- **EXERCISE**: Your answer must be the lines from the first one in the material through the line with "Решебник / тема", retyped exactly and with no pictures.
----
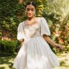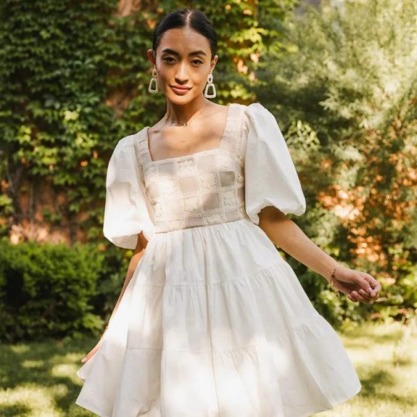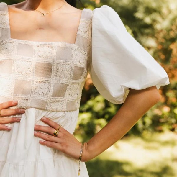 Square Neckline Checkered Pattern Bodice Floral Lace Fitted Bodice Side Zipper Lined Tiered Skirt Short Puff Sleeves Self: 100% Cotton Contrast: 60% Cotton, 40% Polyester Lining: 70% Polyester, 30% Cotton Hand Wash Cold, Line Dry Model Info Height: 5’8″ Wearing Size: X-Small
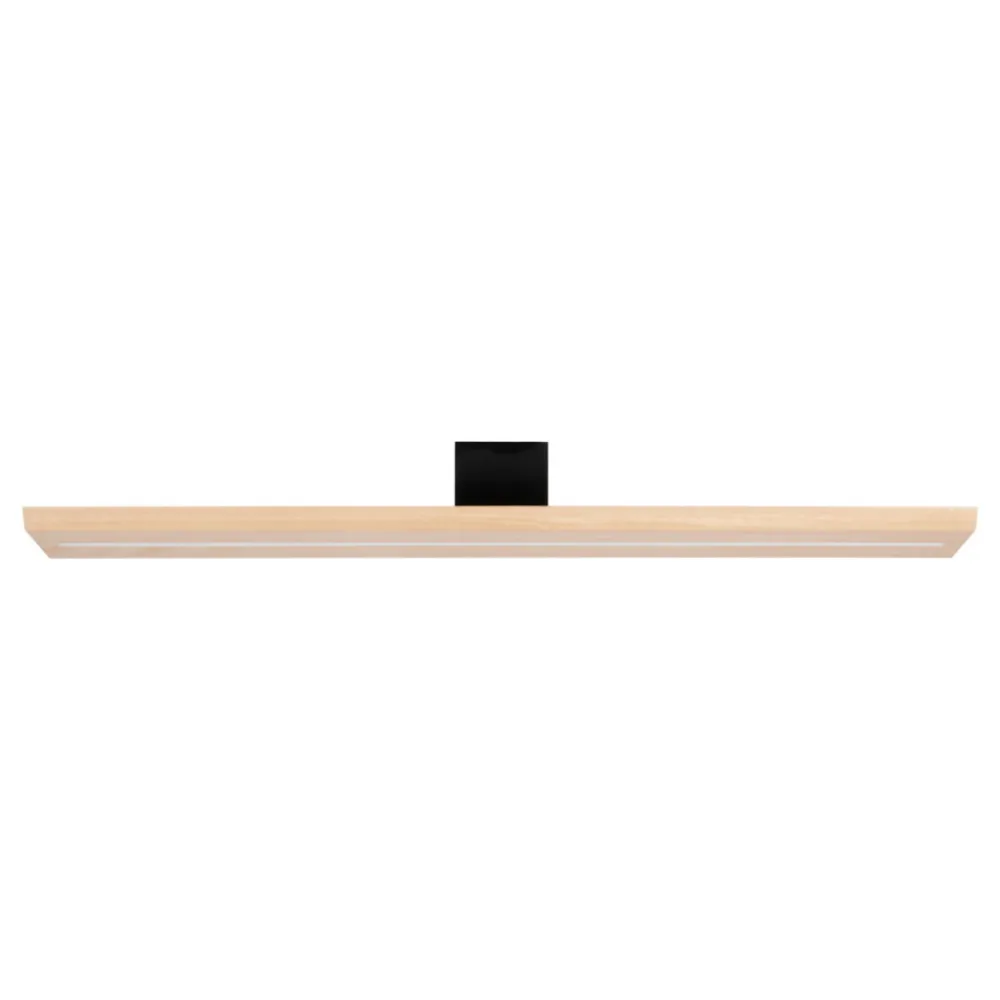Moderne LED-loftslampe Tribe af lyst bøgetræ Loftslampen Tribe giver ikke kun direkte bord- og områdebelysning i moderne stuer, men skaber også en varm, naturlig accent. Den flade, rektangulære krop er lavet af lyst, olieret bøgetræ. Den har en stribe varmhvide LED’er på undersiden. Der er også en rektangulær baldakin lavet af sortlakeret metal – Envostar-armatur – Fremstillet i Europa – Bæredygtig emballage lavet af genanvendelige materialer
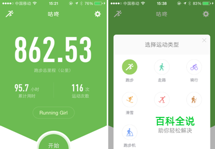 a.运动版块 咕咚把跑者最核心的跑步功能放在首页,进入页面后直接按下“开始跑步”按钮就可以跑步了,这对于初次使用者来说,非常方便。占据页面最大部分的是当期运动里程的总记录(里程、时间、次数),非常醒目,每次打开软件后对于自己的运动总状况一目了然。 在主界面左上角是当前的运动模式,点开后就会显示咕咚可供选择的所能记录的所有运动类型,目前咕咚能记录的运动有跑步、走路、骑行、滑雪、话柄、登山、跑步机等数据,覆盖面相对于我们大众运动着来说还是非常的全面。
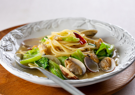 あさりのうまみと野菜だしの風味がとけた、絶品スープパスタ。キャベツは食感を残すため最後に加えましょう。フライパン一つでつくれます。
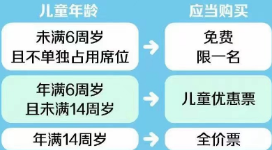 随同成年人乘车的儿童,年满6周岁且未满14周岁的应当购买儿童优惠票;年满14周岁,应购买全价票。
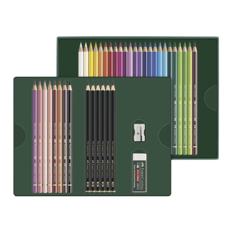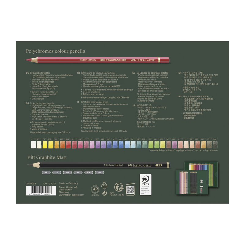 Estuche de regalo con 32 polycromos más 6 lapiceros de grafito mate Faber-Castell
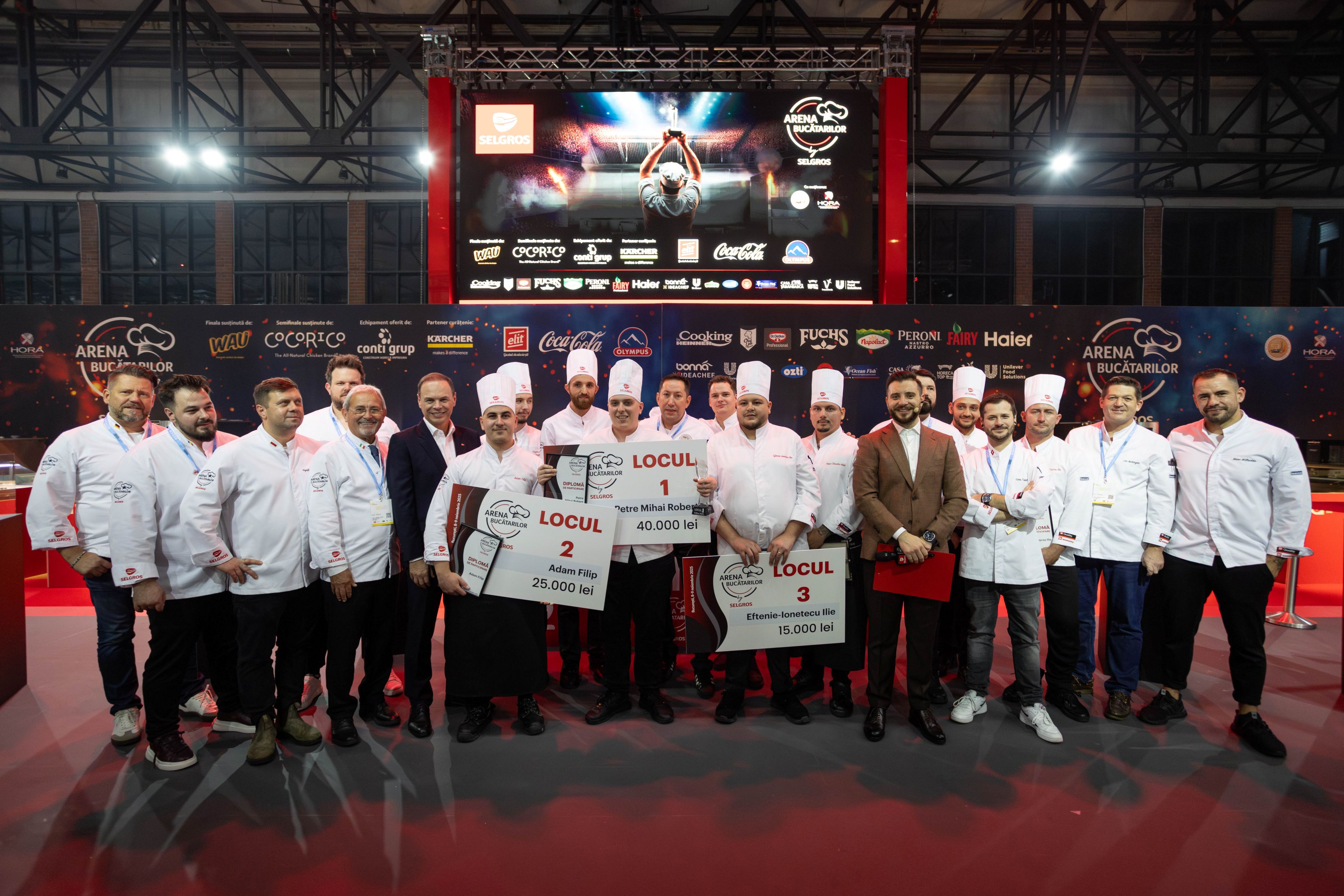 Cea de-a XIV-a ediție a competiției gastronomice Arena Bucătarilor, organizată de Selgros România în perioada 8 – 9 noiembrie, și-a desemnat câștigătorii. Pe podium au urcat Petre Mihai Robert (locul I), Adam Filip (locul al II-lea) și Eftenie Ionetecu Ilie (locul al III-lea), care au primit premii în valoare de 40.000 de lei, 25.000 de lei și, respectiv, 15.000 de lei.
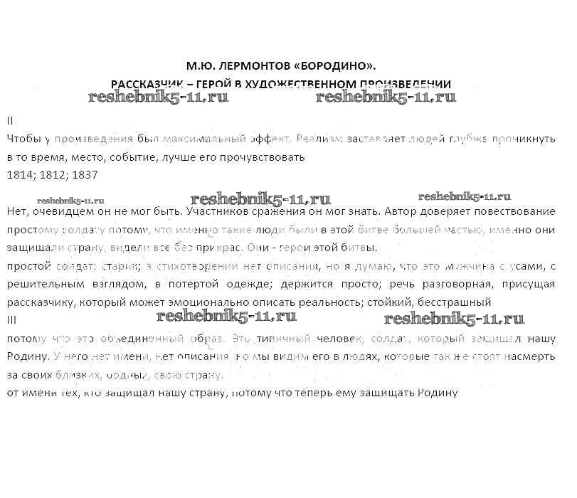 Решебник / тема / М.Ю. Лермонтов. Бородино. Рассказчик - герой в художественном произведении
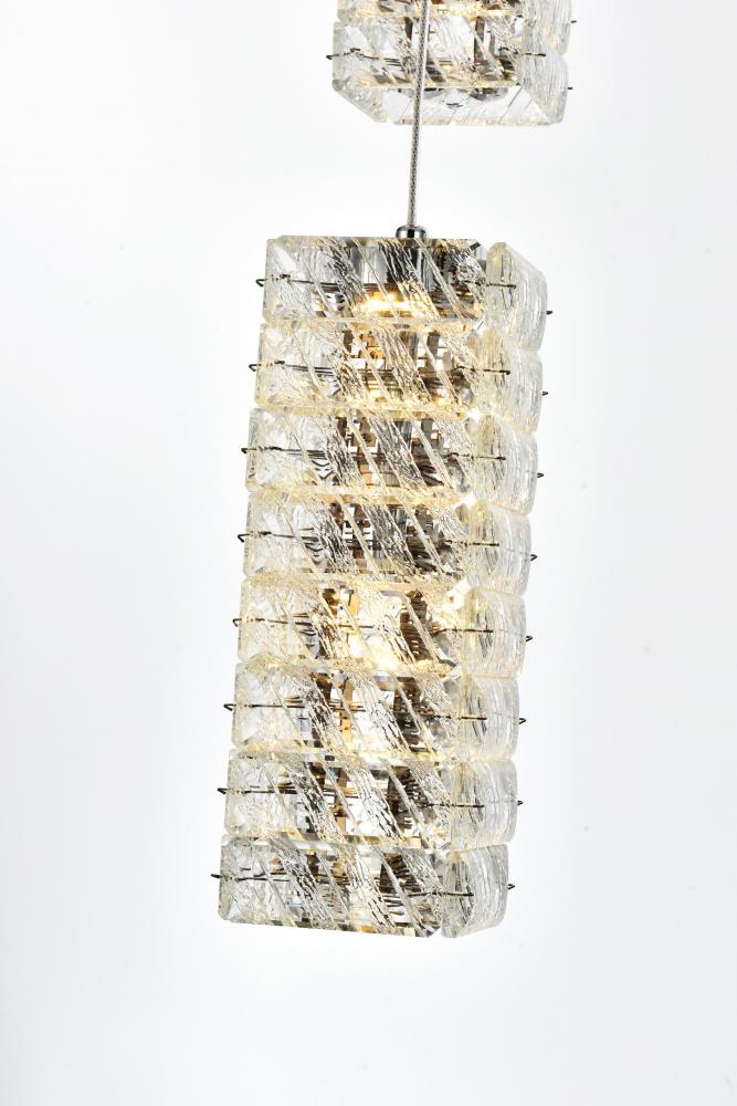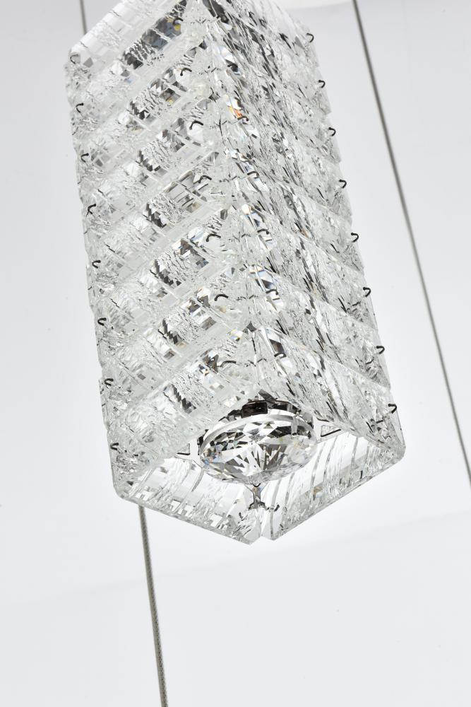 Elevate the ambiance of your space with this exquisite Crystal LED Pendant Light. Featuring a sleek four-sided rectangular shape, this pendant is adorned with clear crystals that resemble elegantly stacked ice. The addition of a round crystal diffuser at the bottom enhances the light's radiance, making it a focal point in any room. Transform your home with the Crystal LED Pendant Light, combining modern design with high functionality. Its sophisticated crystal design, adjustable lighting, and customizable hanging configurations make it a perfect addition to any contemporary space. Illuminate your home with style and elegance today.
----
- **WRITTEN RESPONSE**:
 Square Neckline Checkered Pattern Bodice Floral Lace Fitted Bodice Side Zipper Lined Tiered Skirt Short Puff Sleeves Self: 100% Cotton Contrast: 60% Cotton, 40% Polyester Lining: 70% Polyester, 30% Cotton Hand Wash Cold, Line Dry Model Info Height: 5’8″ Wearing Size: X-Small
Moderne LED-loftslampe Tribe af lyst bøgetræ Loftslampen Tribe giver ikke kun direkte bord- og områdebelysning i moderne stuer, men skaber også en varm, naturlig accent. Den flade, rektangulære krop er lavet af lyst, olieret bøgetræ. Den har en stribe varmhvide LED’er på undersiden. Der er også en rektangulær baldakin lavet af sortlakeret metal – Envostar-armatur – Fremstillet i Europa – Bæredygtig emballage lavet af genanvendelige materialer
 a.运动版块 咕咚把跑者最核心的跑步功能放在首页,进入页面后直接按下“开始跑步”按钮就可以跑步了,这对于初次使用者来说,非常方便。占据页面最大部分的是当期运动里程的总记录(里程、时间、次数),非常醒目,每次打开软件后对于自己的运动总状况一目了然。 在主界面左上角是当前的运动模式,点开后就会显示咕咚可供选择的所能记录的所有运动类型,目前咕咚能记录的运动有跑步、走路、骑行、滑雪、话柄、登山、跑步机等数据,覆盖面相对于我们大众运动着来说还是非常的全面。
 あさりのうまみと野菜だしの風味がとけた、絶品スープパスタ。キャベツは食感を残すため最後に加えましょう。フライパン一つでつくれます。
 随同成年人乘车的儿童,年满6周岁且未满14周岁的应当购买儿童优惠票;年满14周岁,应购买全价票。
 Estuche de regalo con 32 polycromos más 6 lapiceros de grafito mate Faber-Castell
 Cea de-a XIV-a ediție a competiției gastronomice Arena Bucătarilor, organizată de Selgros România în perioada 8 – 9 noiembrie, și-a desemnat câștigătorii. Pe podium au urcat Petre Mihai Robert (locul I), Adam Filip (locul al II-lea) și Eftenie Ionetecu Ilie (locul al III-lea), care au primit premii în valoare de 40.000 de lei, 25.000 de lei și, respectiv, 15.000 de lei.
 Решебник / тема / М.Ю. Лермонтов. Бородино. Рассказчик - герой в художественном произведении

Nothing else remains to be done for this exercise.